Jonathan Ryan Storm: “Mother of Nature”

December 11th, 2015 – January 10th, 2016 “Mother of Nature” …

December 11th, 2015 – January 10th, 2016

“Mother of Nature”

A solo show featuring new sculptures and paintings drawings and collages by  Jonathan Ryan Storm

Cardoza Fine Art 1320 Nance 77002

December 11th – January 10th

Opening December 11th, 7pm – 10pm

Cardoza Fine Art is pleased to present Mother of Nature, a solo exhibition of Houston-based artist Jonathan Ryan Storm. Storm’s paintings, drawings, and collages give voice to a poetic language of wandering lines, emblem-like shapes, and bold fields of color. His combined interests in the interaction and perception of color as well as the signifying potential of shape and line culminate in a visual art that teeters at the edge of representation and abstraction. In the tradition of Paul Klee, Storm’s paintings abound with shapes that seem to serve as obtuse ideograms: fusing sign and image into an emblematic but necessarily abstract and suggestive hybrid. 

With Mother of Nature, Storm presents a new body of work consisting of hand-sewn flags and oil and acrylic paintings.

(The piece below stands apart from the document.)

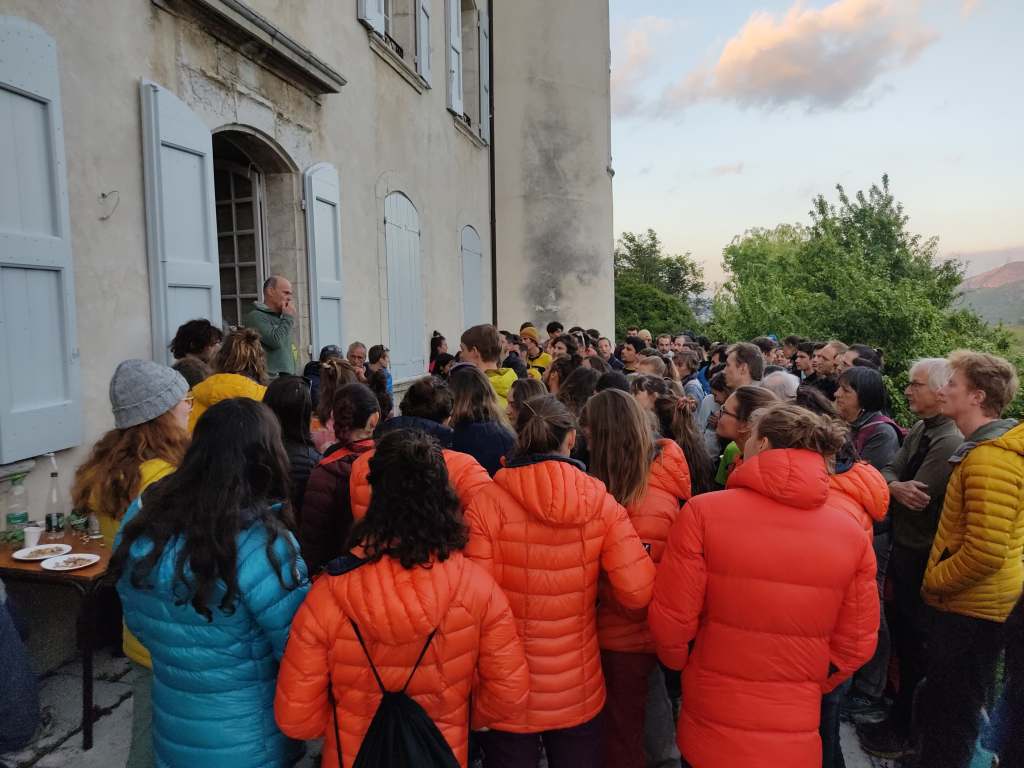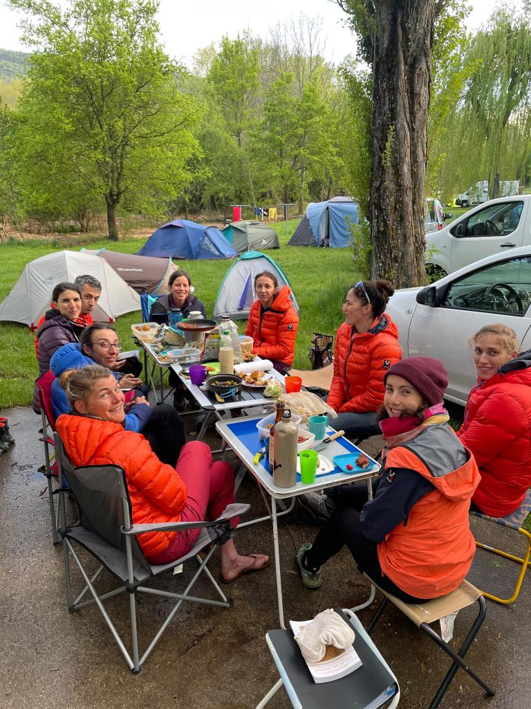La soirée se déroule dans la salle de la Mairie. Tous les groupes sont réunis pour l’apéro. C’est l’occasion de re-croiser quelques têtes aperçues sur les voies et de faire connaissance avec les autres groupes jeunes et groupes féminins. On nous repère bien au milieu des autres avec nos doudounes Millet oranges. On discute avec nos homologues pyrénéenness : l’EPAF (Equipe Pyrénéenne d’Alpinisme Féminine), nos homologues Grand Est : les CAF Girls Grand Est et avec les Tradeuses Occitanes.

The flags, hung vertically, exhibit horizontal bands of color, each separated by a thin strip of white fabric. Like all flags, Storm’s are symbols of an abstract and even utopic idea, but in this case the central abstraction to which these flags are bound is the experience of color itself. Storm has separated the colors in the flags with white in response to his own color blindness – a condition in which color interactions, primarily between green and red, become highly confused. These flags associate sets of color intuitively, arranging color like the musical notes of a chord, while nonetheless offering the viewer clarity of perception for each isolated hue.     

Storm’s paintings feature bold and often spare compositions but also welcome recognizable motifs such as targets and keyholes, which are subtly abstracted through scale and context. Each of these images has the visual impact of an advertising graphic, street sign, or perhaps most appropriately a Theosophical thought-form. However, the seeming candor of these images is quickly eclipsed by the enigmas of shape and color that are Storm’s true interest. Storm’s careful balancing act between formal rigor and deeply intuitive and automatic image-making lends itself to an art whose focus is an ecstatic revelation of mystery.